Reputation: 69
I am trying to scatter plot a dataframe and for this I have provided it with x and y components. It is showing error in the x component. it gives the error on 'Year' column. I have checked manually that Year Column exists in the dataframe still it shows error.
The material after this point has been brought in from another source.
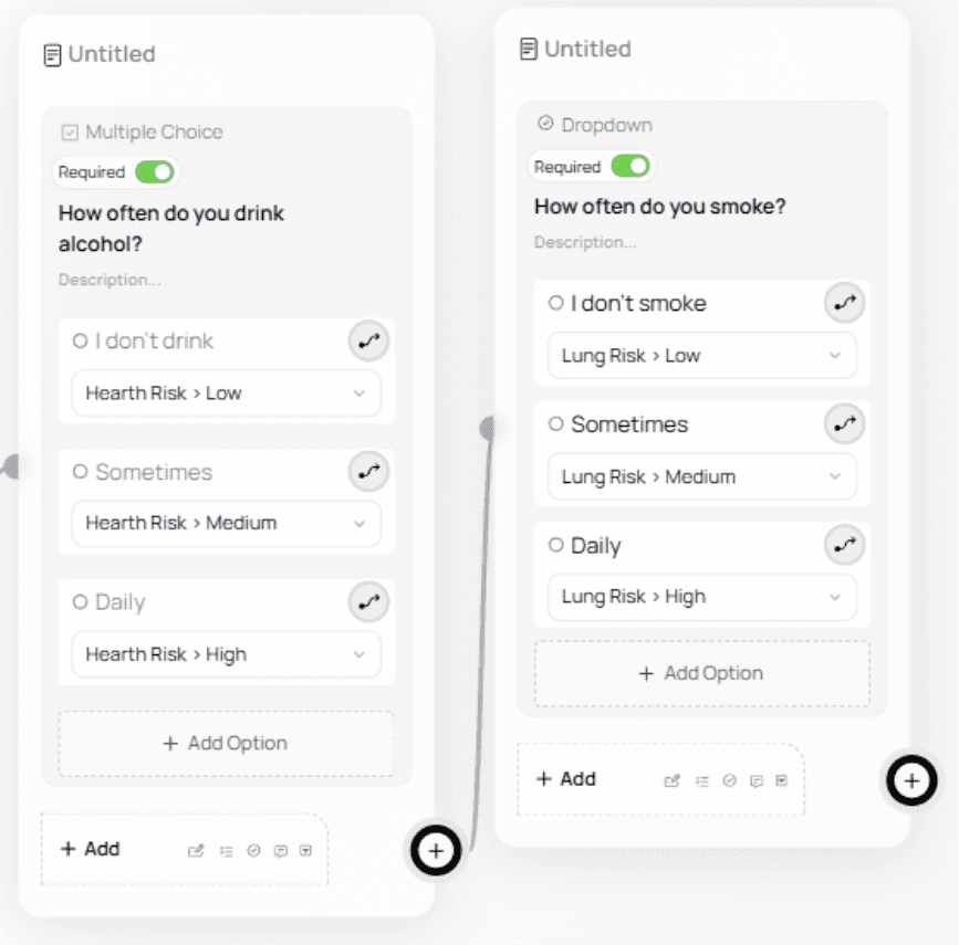 Categories help you classify answers (e.g., “Heart Risk”).

Note that year column contains years from 1960 to 1964.
urb_pop_reader = pd.read_csv('ind_pop_data.csv', chunksize=1000)
df_urb_pop = next(urb_pop_reader)
df_pop_ceb = df_urb_pop[df_urb_pop['CountryCode'] == 'CEB']
pops = zip(df_pop_ceb['Total Population'],
df_pop_ceb['Urban population (% of total)'])
pops_list = list(pops)
# Use list comprehension to create new DataFrame column 'Total Urban Population'
df_pop_ceb['Total Urban Population'] = [int(a[0]*(a[1]*0.01)) for a in pops_list]
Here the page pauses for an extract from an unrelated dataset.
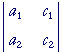 Then the determinant of that matrix -- which we will call Dx -- is c1b2 − b1c2 And consider this matrix in which the c's replace the coeffients of the y's: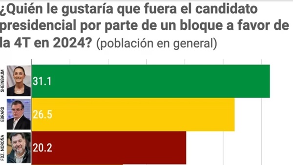 Ante la pregunta “¿Quién le gustaría que fuera el candidato presidencial por parte de un bloque a favor de la 4T en 2024?”, la población en general respondió que prefieren a Sheinbaum Pardo al 31.1%, mientras que Marcelo Ebrard, titular de la Secretaría de Relaciones Exteriores (SRE), llegó al 26.5% de las preferencias. No obstante, una figura que cobró relevancia recientemente es la de Gerardo Fernández Noroña, diputado federal por el Partido del Trabajo (PT), quien se posicionó en tercer lugar con el 20.2% de la intención de voto.

# Plot urban population data
df_pop_ceb.plot(kind='scatter', x=df_pop_ceb['Year'], y=df_pop_ceb['Total Urban Population'])
plt.show()
Upvotes: 2
Views: 1491
Reputation: 45741
If you want to use pandas' plotting, you should pass the labels as x and y, not the data:
df_pop_ceb.plot(kind='scatter', x='Year', y='Total Urban Population')
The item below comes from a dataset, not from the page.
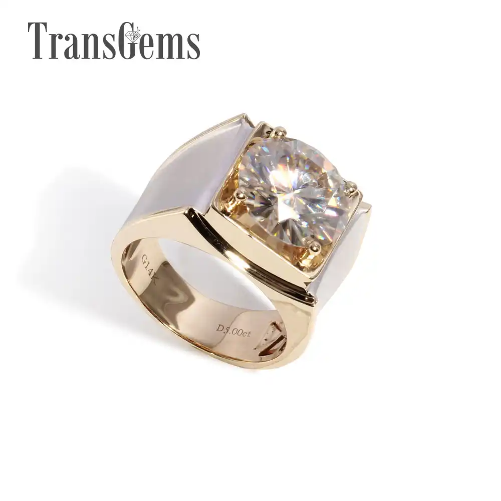 Transgems 3 Carat Solid 585 Gold Classic Men S Ring Subtle Genuine Moissanite Engagement Ring For Men Popular Design Ring

Also looking at the docs I think you should rather do
df_pop_ceb.plot.scatter(x='Year', y='Total Urban Population')
Upvotes: 4
Reputation: 192
The error raises because you are trying to apply the plt method to the dataframe directly. Try:
import matplotlib as plt
plt.scatter(x=df_pop_ceb['Year'], y=df_pop_ceb['Total Urban Population'])
plt.title('Title')
plt.xlabel('x')
plt.ylabel('y')
plt.show()
Also, there's no need to zip to calculate the total urban population. You could just multiply both columns directly:
df_pop_ceb['Total Urban Population'] = (df_pop_ceb['Total Population']*df_pop_ceb['Urban population (% of total)']*0.01)
Hope that helps!
Upvotes: 0